• HOW TO COMPLETE THIS TASK: Would you please return only the lines from the one with "I have used" through the last line of the records below, leaving the pictures out?

====== DATASET CONTENT ======

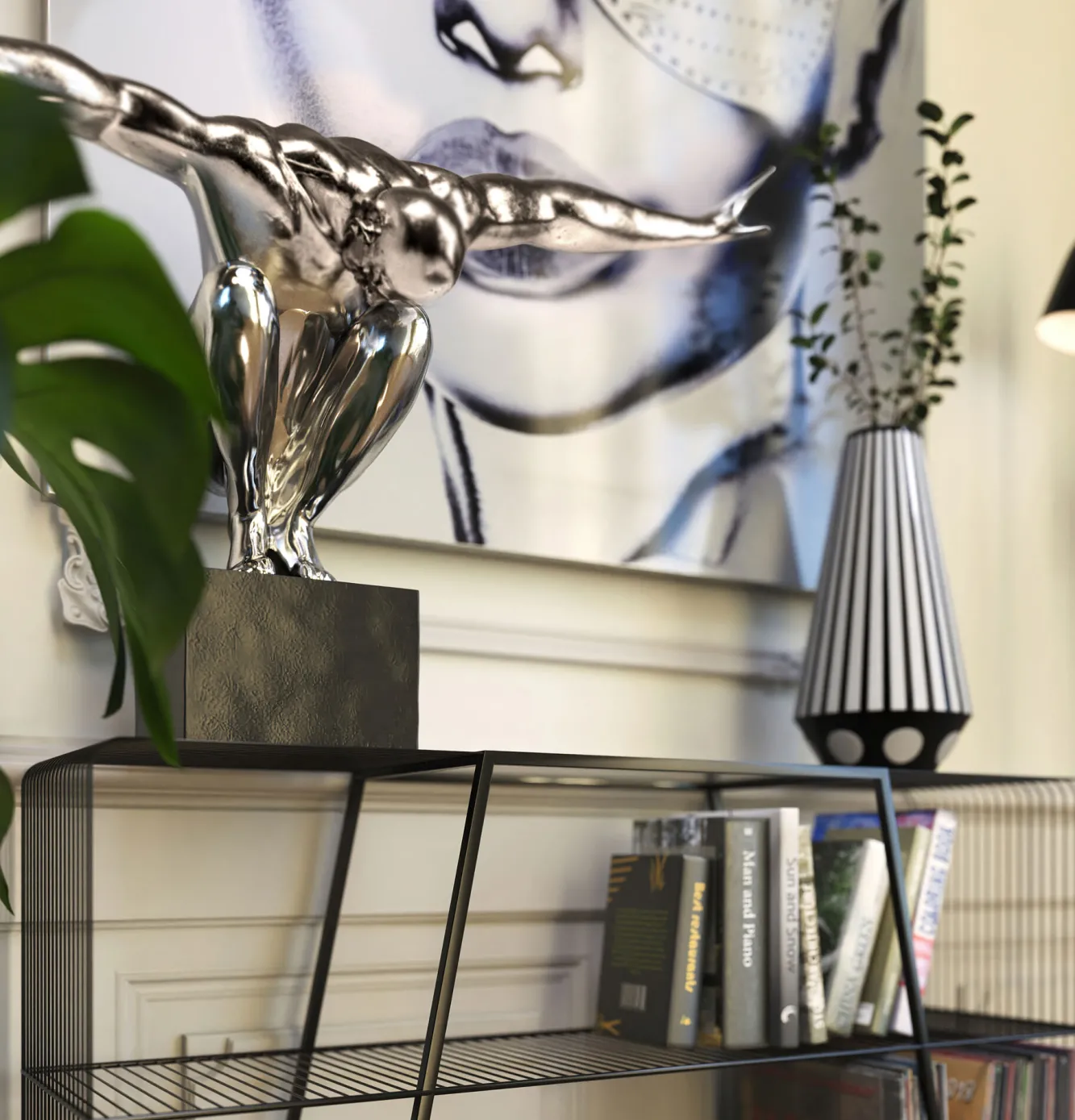 Dekoracja stojąca Athlete XL 100×64 cm srebrna
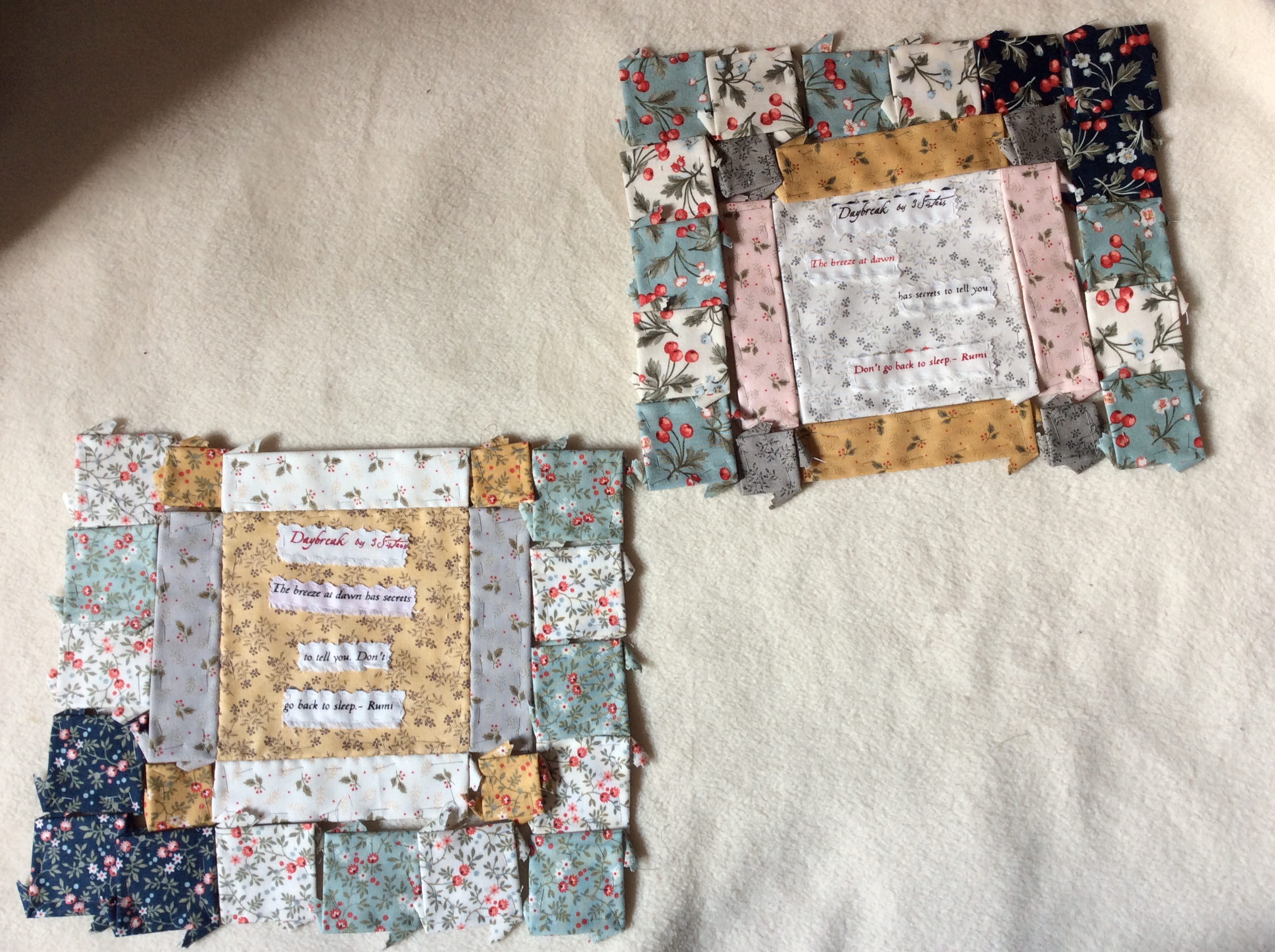 I have used the wording from the edge of the material which says “Daybreak by 3 Sisters – The breeze at dawn has secrets to tell you. Don’t go back to sleep. – Rumi”
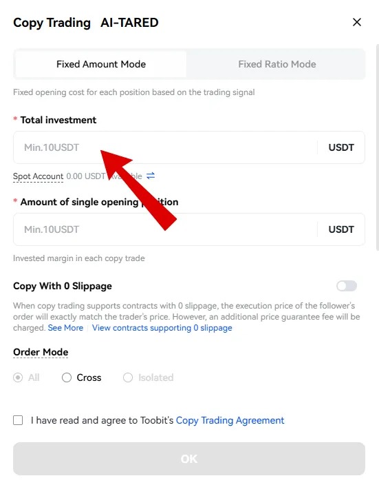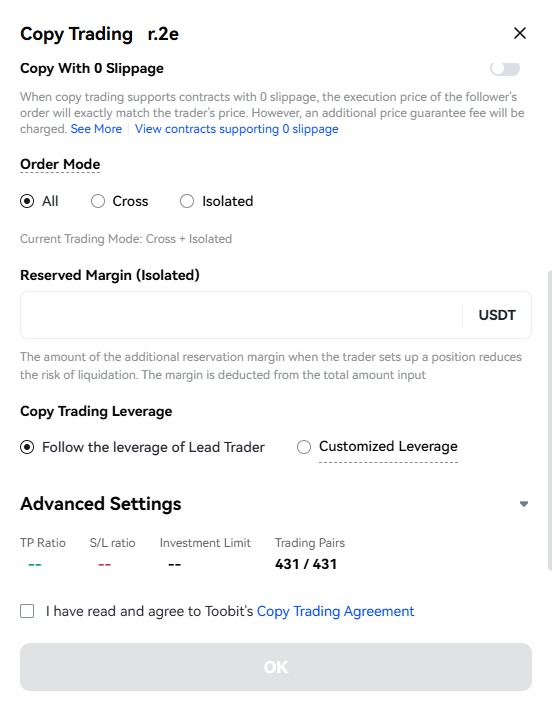 برای ادامه، باید تیک I have read and agree to Toobit’s Copy Trading Agreement را بزنید (یعنی موافقت با قوانین کپی ترید در صرافی توبیت ).
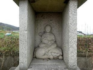 寛政のころ泰禅上人が大阪で鴻池家の子供を助ける。謝礼の小判を辞退し、石の祠を建立し、これが湯大明神であると伝承されている。(文:『出雲街道旅日記(万の峠~津山)』より)(2020年3月28日撮影)
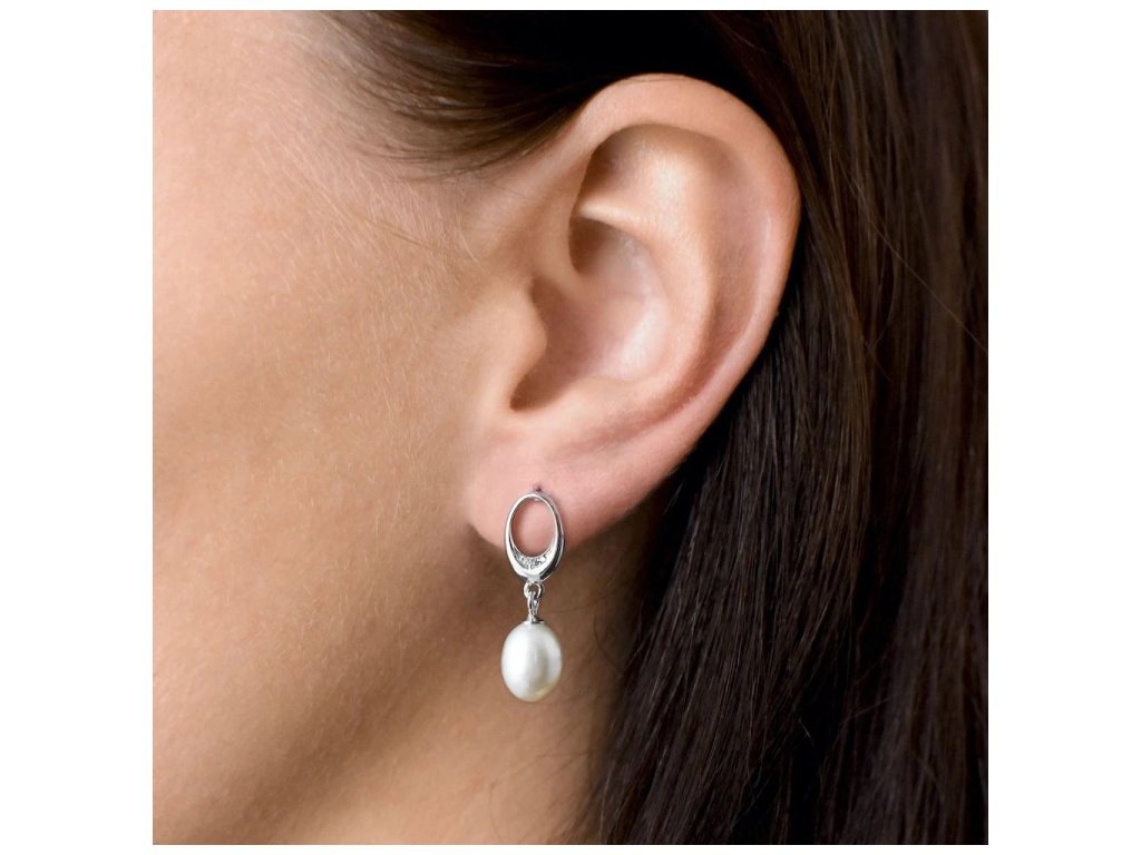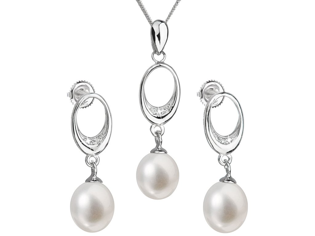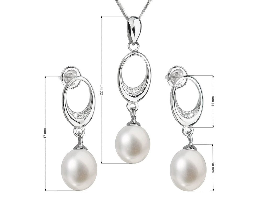 Nádherná stříbrná souprava šperků s bílými říčními perlami a zirkony. Sada obsahuje náušnice na puzetu, přívěs a řetízek.

======

• RESPONSE AREA:
 I have used the wording from the edge of the material which says “Daybreak by 3 Sisters – The breeze at dawn has secrets to tell you. Don’t go back to sleep. – Rumi”
 برای ادامه، باید تیک I have read and agree to Toobit’s Copy Trading Agreement را بزنید (یعنی موافقت با قوانین کپی ترید در صرافی توبیت ).
 寛政のころ泰禅上人が大阪で鴻池家の子供を助ける。謝礼の小判を辞退し、石の祠を建立し、これが湯大明神であると伝承されている。(文:『出雲街道旅日記(万の峠~津山)』より)(2020年3月28日撮影)
 Nádherná stříbrná souprava šperků s bílými říčními perlami a zirkony. Sada obsahuje náušnice na puzetu, přívěs a řetízek.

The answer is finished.